Friday, September 03, 2004

Conservative or Liberal Catholic

This article is as true, if not moreso, today as when it written.

Conservative or Liberal Catholic
by Fr. John A. Hardon, S.J.

In almost any group of Catholics today, one hears the question frequently asked, "Are you a conservative or liberal Catholic?" Or perhaps it is posed, "Are you charismatic?" Then again the speaker may interrogate his audience about his familiarity with renewals, retreats, liberation theology, centering prayers, Cursillo or any other currently popular movement or practice within the Church. Oftentimes people feel that the answer to such a question involves deep philosophical pondering. Semantics aside, there can be only one answer to these questions.

The left of Rome, liberal Catholic manifests his faith in several unique public expressions. Often he is associated with causes such as gay rights, feminism, euthanasia, and a plethora of others. His religion is an umbrella which encompasses saving whales, recycling inorganic materials, worrying about CIA involvement in Latin American governments, humanizing bureaucratic organizations, and awaiting a cosmic Christ. The unity he envisions in the new world order has little if any linkage to the one bread, one body in which the religion he supposedly espouses was based. In his alleged concern for all rights, he supports many wrongs. Endorsed by him would be a church in which a non-gender-specific liturgical “service” is led by a female priest, assisted by altar girls for a congregation which consisted of those who hold disparate beliefs all of which were democratically allowed under the guise of freedom from the patriarchal system whose leadership, outdated and outmoded, was yet based in Rome.
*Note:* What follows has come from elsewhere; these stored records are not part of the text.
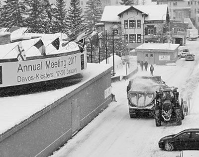 2017年达沃斯论坛在即,图为工人们正在清扫论坛会场附近的积雪。刘军摄/光明图片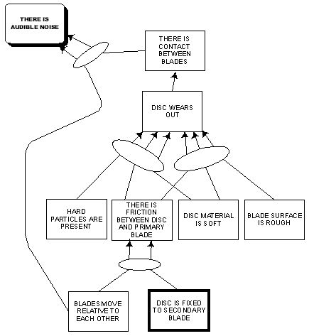The blades of a truck’s rear spring set are separated by a plastic disc intended to eliminate the squeak noise due to friction between the blades. However, the plastic disc quickly wears out and noise begins. Again, the CRT in Figure 3 was useful to complement the understanding provided by a previously built functional diagram. The CRT pinpointed the basic problems that were giving rise to the final noise effect (which was not apparent in the functional diagram).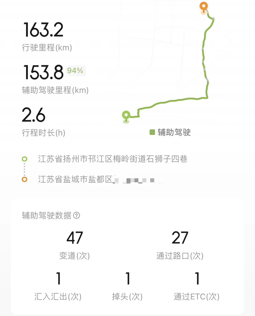 清晨从盐城出发,坐进驾驶舱,续航显示超过700多公里,这份安心大大缓解里程焦虑。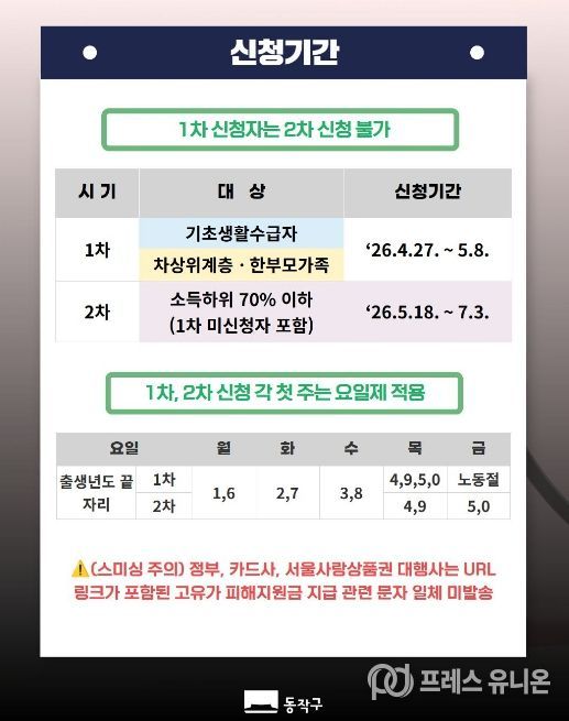 다만, 시행 첫 주에는 요일제를 적용해 출생연도 끝자리에 따라 신청 일이 다르므로 사전 확인이 필요하다.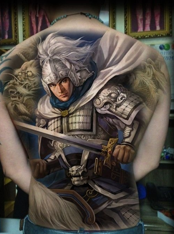 男士满背赵子龙纹身图案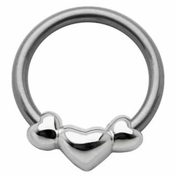 ハートを3つ並べたキュートなハートのキャプティブビーズリング。ハートのモチーフは幾つになっても女の子の憧れ。デザインが正面に向くタイプのビーズリングなので、耳はもちろんニップルやアイブローなどなど色々な部位へのピアッシングが可能です。通常のキャプティブビーズリングより装着しやすいのがうれしい。もちろんシャフトだけでなくデザイン部分も安心の医療用サージカルステンレスです。
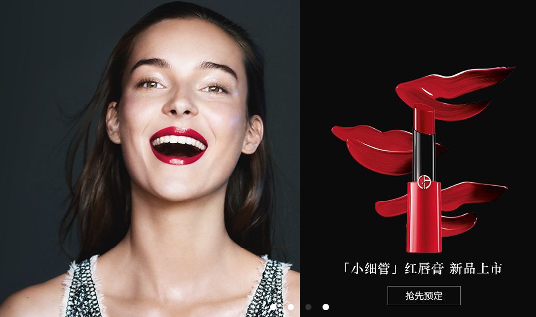 除了品牌经典的红管唇釉、小胖丁染唇液外,阿玛尼在开业预售中更是提供包括小细管红唇膏和天猫独家首发限量版红气垫等新品作为开业权益提供给线上消费者。

At the opposite end of the belief spectrum is the conservative Catholic whose actions and opinions are always right (of center, that is). Archbishop Marcel Lefebre epitomizes for him the essence of strict adherence to the true faith. Just as his hands will not be sullied in an exchange of peace nor receive the Eucharist from a priest or (heaven forbid) an extraordinary minister, so too will his mind remain untouched by any of the allowable innovations inaugurated by the Second Vatican Council. As if the Holy Sacrifice of the Mass offered in the language of the laity instead of Latin were not bad enough, what could be said of the scandal of speaking in tongues and other manifestations of the charismatic Catholic? In practice much like strict interpreter of the Constitution, this believer professes only that which is explicitly expressed in the Ten Commandments of in Canon Law; all that which is tacitly implicit is not a viable worship option.

[O]ur duty as Roman Catholics is to adhere to both the letter and the Spirit as the Holy Father delineates them for us, not pick and choose those aspects of Catholicism more to our liking. As 2 John 9 reminds us, anyone who “does not remain rooted in the teaching of Christ does not possess God, while anyone who remains rooted in the teaching possesses both Father and the Son.”

Copyright © 1998 Inter Mirifica
The full article can be found here.


1 comment:

Anonymous said...

Our duty is to follow the teachings of Yeshua and his new commandment to love God and love our neighbors. As members of a new order of the ages, a democratic republic, it is also our duty to decide for ourselves what that means. Sometimes it may mean we follow the hierarchy's lead and sometimes it may mean we do not. We are the church just as much as the clergy.